Hey Everyone.... question, I am contemplating the Buckeye Amps 9040 Purifi monoblocks. I am, at the same time, considering the Musical Fidelity M6x 250.5 (5 channel) all of this in an effort to run my LCR up front. (Arendal 1723 THX Monitors)  - everything I read from Dylan at Buckeye and hear from his interviews in YouTube videos all surrounds measurements. Let's assume that every amp, in particular these two options, measure incredibly well. I get that.

But I also get that amp measurements are only a piece of how an amp ACTUALLY SOUNDS in the real world with my room and my speakers.  Which is why its a red flag that Buckeye hides behind measurements as the end-all-be-all of buying an amplifier. If measurements were the absolute end of the discussion, there wouldn't have been a Class A or A/B amp sold in the last 5 years. I get that the Purifi stuff measures well, incredibly well, but to never say anything in public forums or in public interviews about how your amps actually sound or how musical they are compounds and continues the notion that while Class D measures insanely well, they sound cold, brittle, analytical, bright, shout'y and too forward. Class D or no Class D, it boils down to the amp designers' actual implementation of the technology in how it sounds, e.g. the input stage, the output stage, the signal path, etc.

So what I'm looking for I suppose is owners of exceptional Class A/B amps (like Musical Fidelity, Parasound, Rotel et al) who have made that leap of faith to the Purifi Buckeye either 7040 or 9040 modules and how your experience has been.....  ??  Thanks immensely! 

audiotruth

Showing 1 response by kerrybh

I haven't owned this amp, doesn't seem anyone else commenting has either so not sure how helpful any of this will be.
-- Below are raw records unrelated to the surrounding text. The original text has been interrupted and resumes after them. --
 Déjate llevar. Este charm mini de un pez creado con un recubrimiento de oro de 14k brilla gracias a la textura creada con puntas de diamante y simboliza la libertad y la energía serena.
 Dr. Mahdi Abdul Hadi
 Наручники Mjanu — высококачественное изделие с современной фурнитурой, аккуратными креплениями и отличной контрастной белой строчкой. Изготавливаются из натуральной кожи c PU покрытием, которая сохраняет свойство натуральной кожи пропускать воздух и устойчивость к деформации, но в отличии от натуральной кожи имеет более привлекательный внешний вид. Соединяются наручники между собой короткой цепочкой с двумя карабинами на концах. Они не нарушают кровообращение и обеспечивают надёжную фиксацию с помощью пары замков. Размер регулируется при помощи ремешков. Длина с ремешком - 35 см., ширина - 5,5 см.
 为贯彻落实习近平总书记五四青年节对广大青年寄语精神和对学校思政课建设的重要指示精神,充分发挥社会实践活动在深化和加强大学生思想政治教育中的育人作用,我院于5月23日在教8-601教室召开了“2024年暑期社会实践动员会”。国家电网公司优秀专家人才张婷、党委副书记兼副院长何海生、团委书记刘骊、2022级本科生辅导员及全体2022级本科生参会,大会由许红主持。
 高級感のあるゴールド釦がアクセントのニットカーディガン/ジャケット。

This is pretty obvious but you won't know until you hear the amps in your system. If you like your speakers, and you have good source components, one would think "neutral and transparent" is not a bad thing. If you are hoping your amp will color the sound to compensate for something that's missing, maybe something different is better. If the amp is truly neutral, it won't produce an unpleasant, sterile sound unless that's how the rest of your system is tuned.
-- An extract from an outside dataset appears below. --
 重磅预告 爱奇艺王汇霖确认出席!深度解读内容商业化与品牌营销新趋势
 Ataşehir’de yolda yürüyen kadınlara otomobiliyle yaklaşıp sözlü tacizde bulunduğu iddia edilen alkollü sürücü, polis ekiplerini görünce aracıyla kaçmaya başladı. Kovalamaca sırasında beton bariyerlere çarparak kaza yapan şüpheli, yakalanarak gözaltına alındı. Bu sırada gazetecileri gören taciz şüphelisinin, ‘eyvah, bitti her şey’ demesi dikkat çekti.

The unresolvable issue is that we all hear differently. I might find these "neutral and transparent" amps to be dry and sterile, while to you, they may be very natural sounding because they faithfully reproduce the source. When i first got back in this hobby I would read reviews or hear people I respected describe how gear sounded and sometimes I'd think, "it doesn't sound that way to me, I must be doing something wrong." Because I'm not very smart, it took me a while to figure out I wasn't hearing "wrong" - we all hear differently and what is pleasing-or not-is very subjective. Some prefer strawberry, some chocolate. Some people like Boulder, some people like McIntosh.

Good luck, I hope that whatever you choose brings you joy.